Майкл переключил внимание на правую руку, повторив уже знакомые движения, а после удовлетворенно покачал головой. Сломает еще раз? Я отдернула руку и опустила рукава до костяшек пальцев.

— Начни говорить, — я подумала о кукле, которую тянешь за нитку в спине, и она произносит неизменное «Мама!», или плюшевых игрушках для детей, работающих по такому же принципу, но им следует нажимать на лапы или живот. — Мне начинает казаться, что ты обманывала меня все это время.

У меня был не один десяток вопросов. Самые распространенные и банальные: зачем я здесь? что будет дальше? как ты сделал все это? Что правда, а что выдумка для окружающих? Сколько еще времени предстоит провести в бункерах под землей? Что ты наделал, Майкл?

За что ты так со мной?

— Какие у тебя предположения на этот счет? — голос сквозил издевкой, змеиным ядом, которого бы хватило, чтобы сдохнуть в попытке отсосать его из раны, точно в кино. — Не стой, присядь, — он кивнул в сторону края кровати, — и перестань делать вид, что ты не знаешь меня. У нас нет причин для вражды.

От последней фразы меня уже мутило, но я послушно присела на край кровати, сдвинув в сторону плед, запуская руку в кашемировую ткань. Хотелось укрыться им и пропасть, замотаться гусеницей, а улететь бабочкой, избавившейся от оков.

Что-то забыла. Майкл обогнул кровать и любезно устроился на стуле, что словно материализовался из воздуха. Я списала все на невнимательность в прошлый раз и забывчивость после… Нечто над потолком.

Тварь в латексном сияющем костюме на потолке. Я резко запрокинула голову, но ничего не обнаружила. Ноутбук тоже пропал с кровати. А существовали ли они вообще? Я задала эти вопросы по очереди.

— Сейчас же ничего нет.

Я согласилась. Молиться о рассудке здесь запрещено, поэтому я понадеялась на удачу и то, что этот ублюдок не разнесет в щепки остатки здравого смысла.

— Не передумала? Все еще отказываешься участвовать в отборе?

«Отбор» тоже плохое слово. Я не товар, не испорченное мясо на рыночном прилавке, не лущеный горох и не индейка на День Благодарения.

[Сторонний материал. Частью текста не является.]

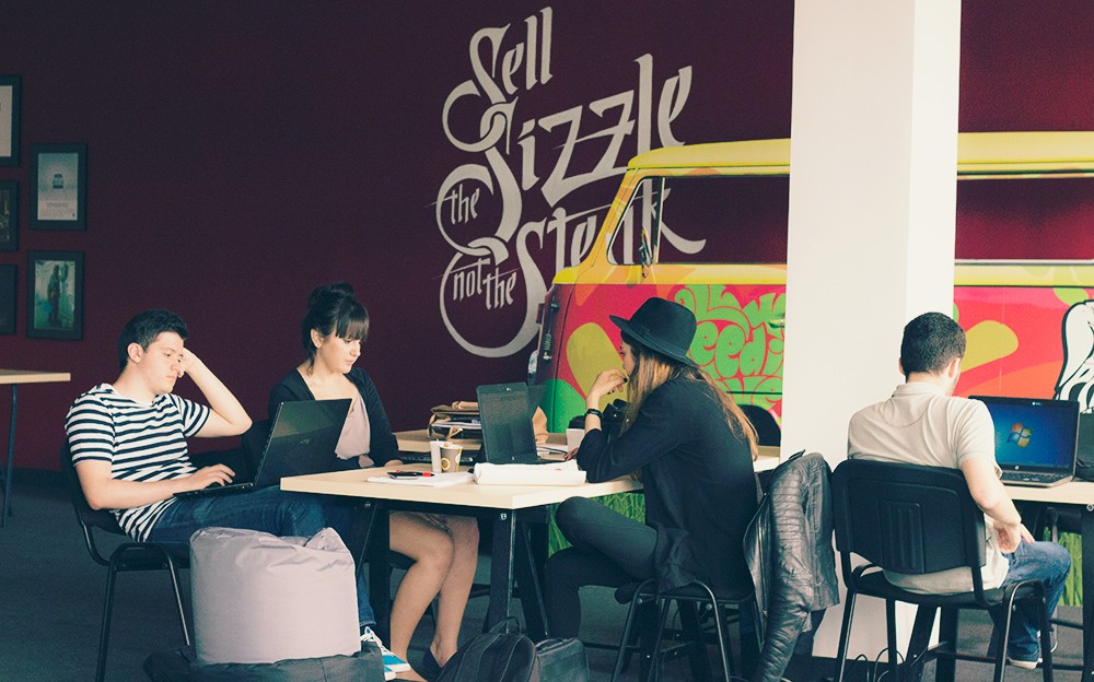 Dar, sa recunoastem, avem si niste locuri preferate, cum ar fi "la studenti" – nu, nu e o cantina, ci un spatiu decorat cu lumini si umbre din publicitate, unde ne simtim cel mai bine, in ciuda canapelelor paralelipipedice de la Sfantul IKEA.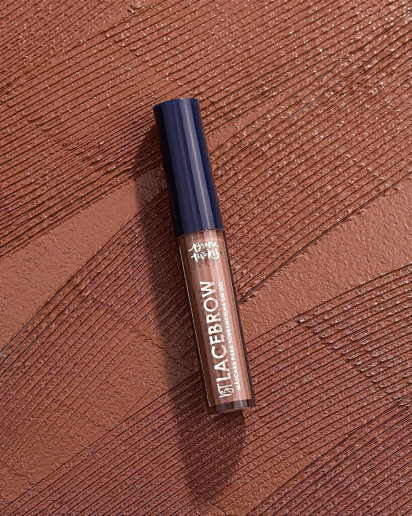 Uma máscara para sobrancelhas com cor, textura gel e fibras, que penteia, define e preenche as falhas da região.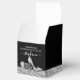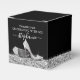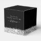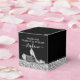 Elegant personalised square party favour box with silver glitter high heel stiletto shoes and a silver faux glitter border with confetti sprinkles on a black background with custom thank you text, perfect for a modern and chic birthday, bat mitzvah, Quinceañera, bridal shower, baby shower or bachelorette party. USE THE DESIGN TEMPLATE EDITOR to change the fonts, colours and layout to create a fun and unique personalised favour box for your party guests guests.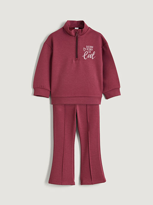 • Bask?l? K?z ?ocuk Sweatshirt ve Pantolon 2li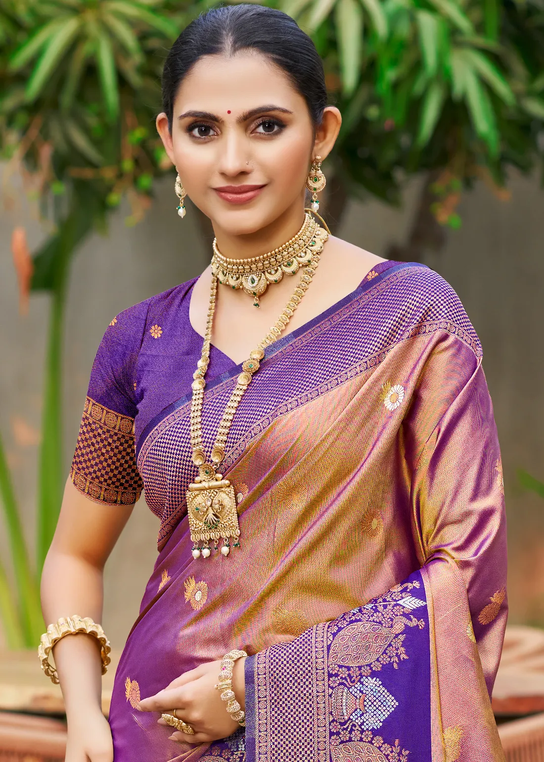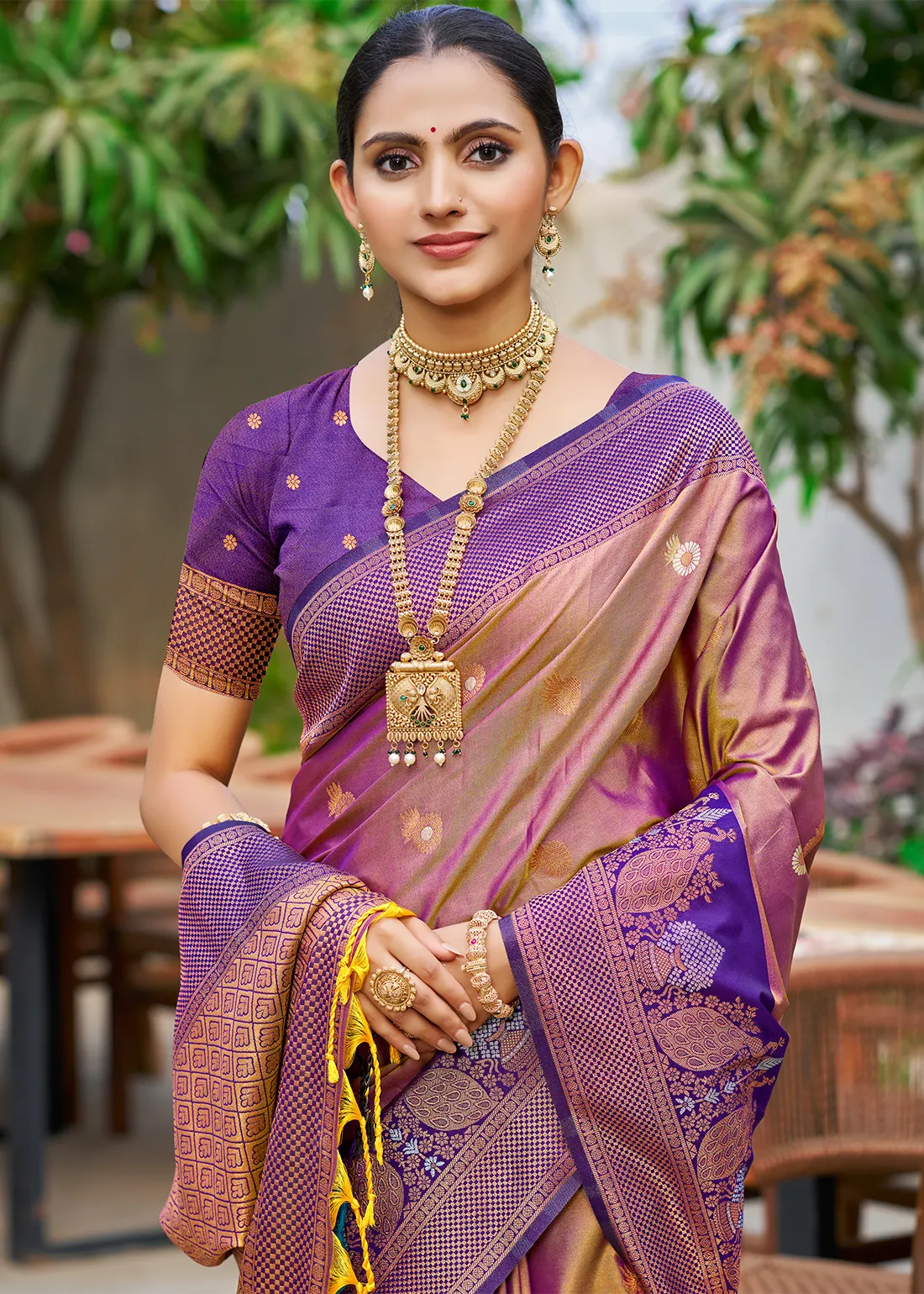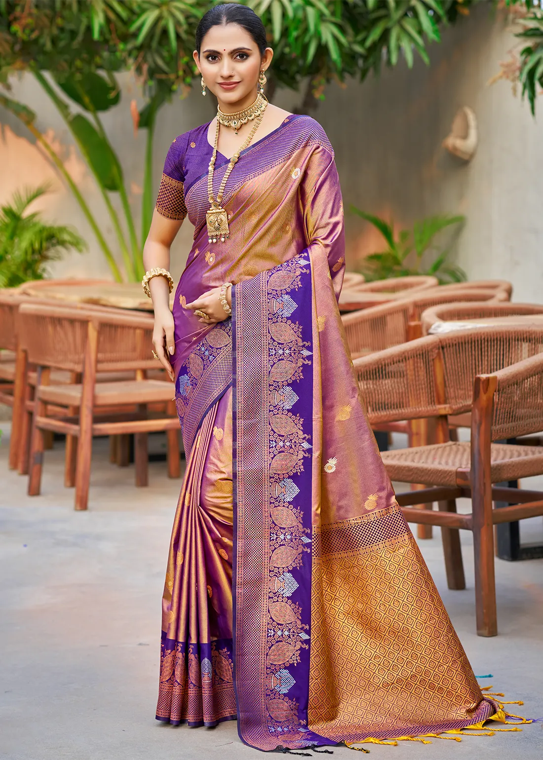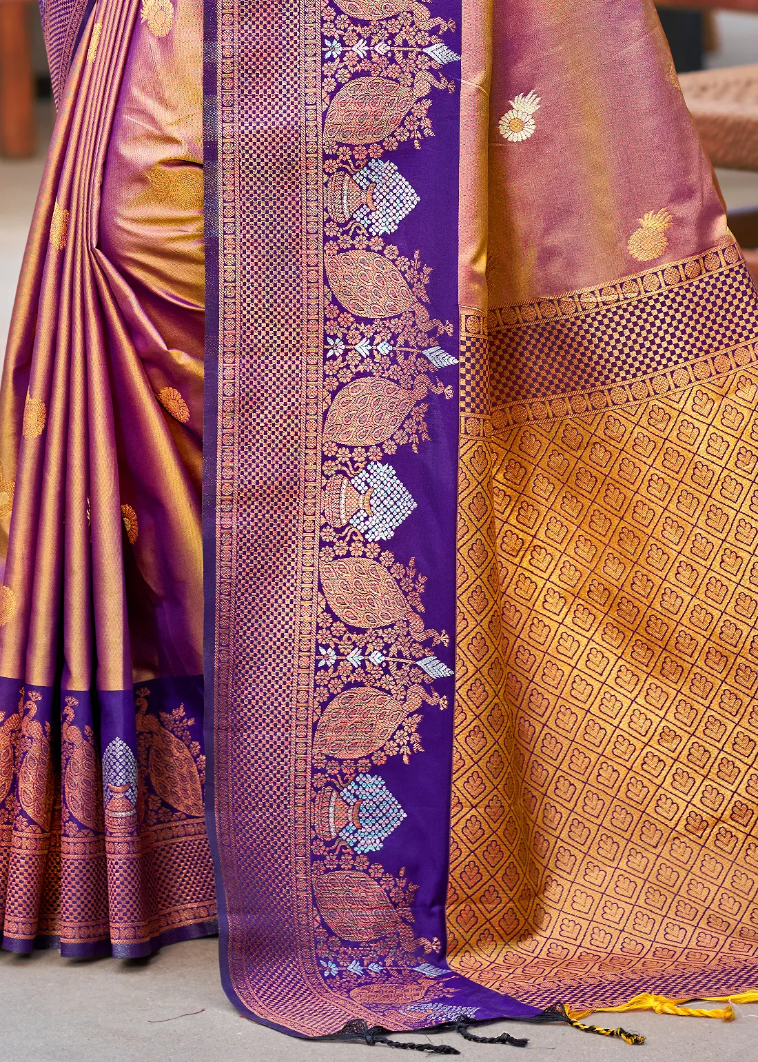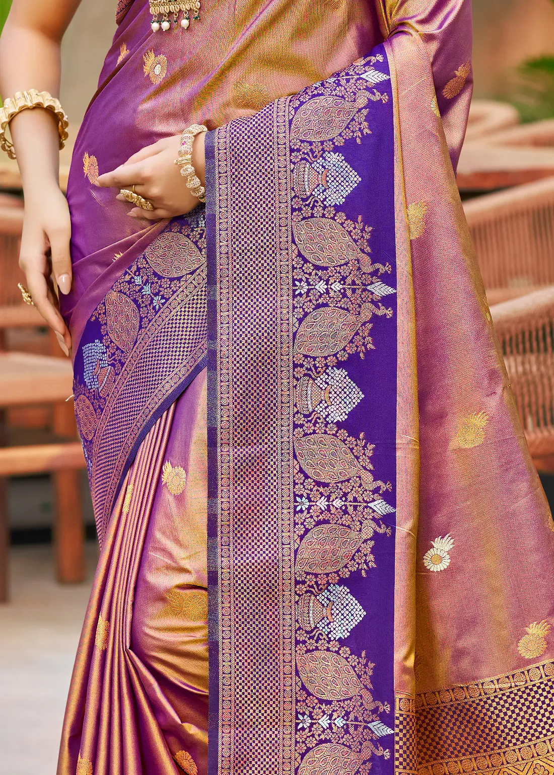 Dual-Tone Lilac Gold Banarasi Silk Saree with Deep Violet Border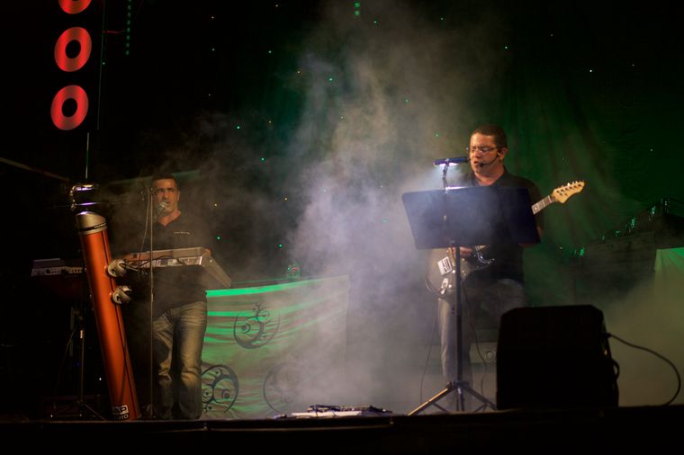Em vez disso, encontro um baile “a sério”. Os irmãos estão a actuar num camião-palco alugado, com dois técnicos a cuidar do som e da luz. O palco parece estranhamente vazio, com muito espaço para os dois. Mas eles estão entusiasmados, tocam com gosto, e tentam falar para o público. Atrás do palco, a porta de entrada é guardada por um palmo de urso de peluche.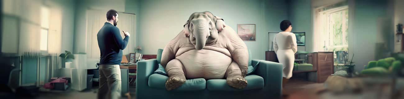 ʼn Olifant is ʼn dier. ʼn Groot dier. ʼn Baie groot dier. ʼn Olifant is ʼn massiewe dier wat soms reg in die middel van die vertrek kom staan met jou in die een hoe ken jou maat in die ander hoek wat kommunikasie tussen julle blokkeer met sy groot, logge lyf. Soms gee ons voor dat die olifant nie daar is nie en soms hoop ons dat die olifant vanself weg sal gaan. Maar die olifant gaan net nie weg nie. In ons poging om konflik te vermy, ontken ons die olifant en bly die olifant daar tussen jou en jou maat staan.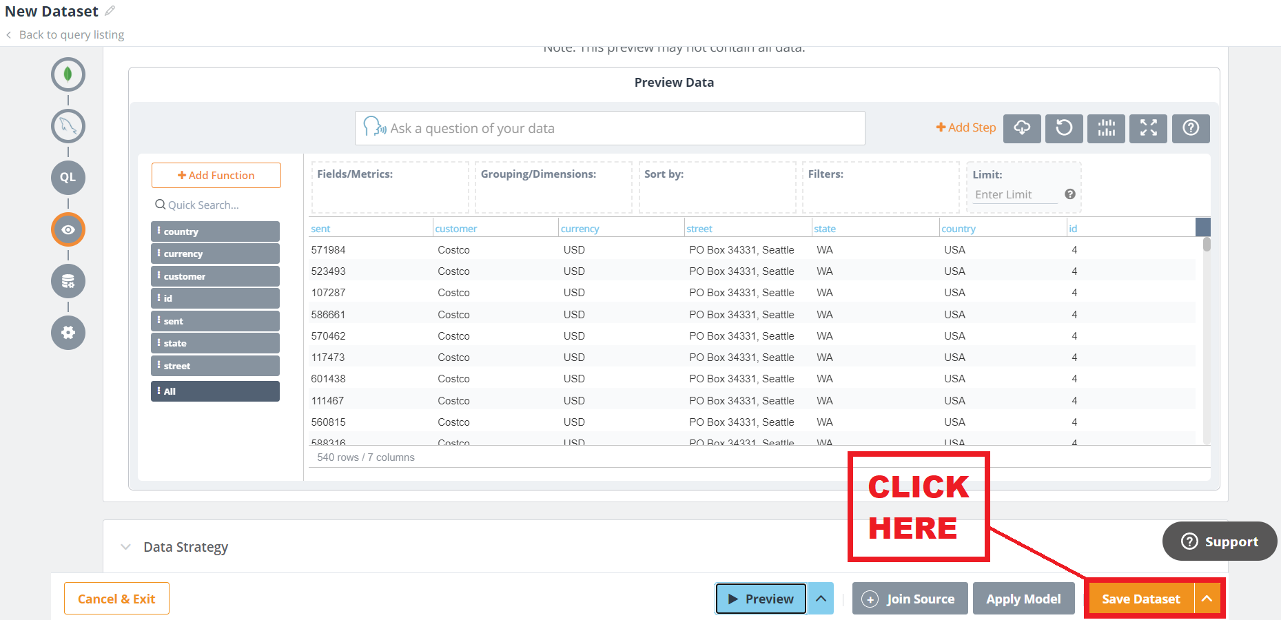 The preview should now contain data from both MongoDB and MySQL that includes address and currency fields added to the MongoDB query for those customers.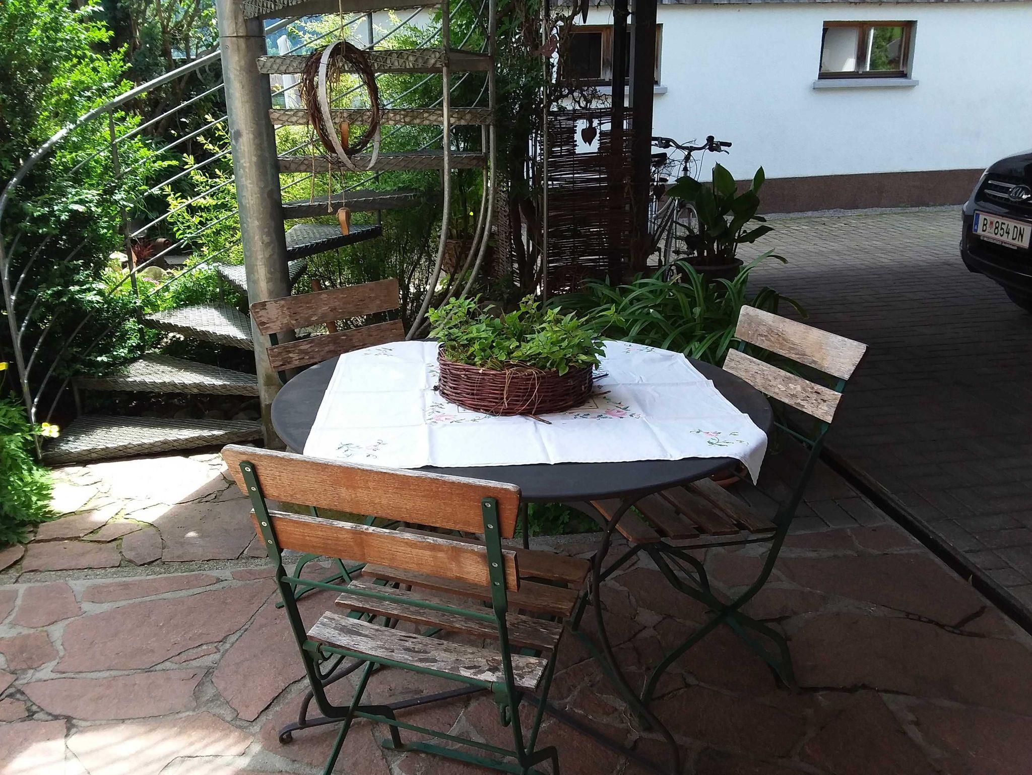 Die ruhige Lage unseres Hauses - mit Blick zum Hirschberg und zur Kanisfluh - ist in Zentrumsnähe und ohne Durchzugsverkehr. Für Ihr Auto steht ein Carport zur Verfügung. In unserem Garten mit sommerlichem Flair steht eine Sitzecke für Sie bereit.

— А сам как думаешь? — язвить мне понравилось. Я вошла во вкус после пары реплик. — Ты выразил «желание познакомиться с каждым из нас». Мы с тобой знакомы, хоть мне и кажется, что я о тебе ничего не знаю.

— Взаимно. Я не припоминаю, чтобы ты бросалась на людей с ножом и вилкой. Откуда такая уверенность, что мне захочется говорить с тобой вне отбора? Тратить на тебя время, когда существуют потенциальные кандидаты? Те, кто готов сделать все, чтобы спастись, а не просто разговаривать.

Я разозлилась. Хотелось влепить ему звонкую пощечину, вылить часть негативных эмоций и снова пуститься в бега по Третьей станции. За стеной Венебл, порка и привычная серая рутина, пока здесь относительный покой и безопасность.

Спустя время молчания в дверь постучала эта дрянь Мид с тем же шприцем.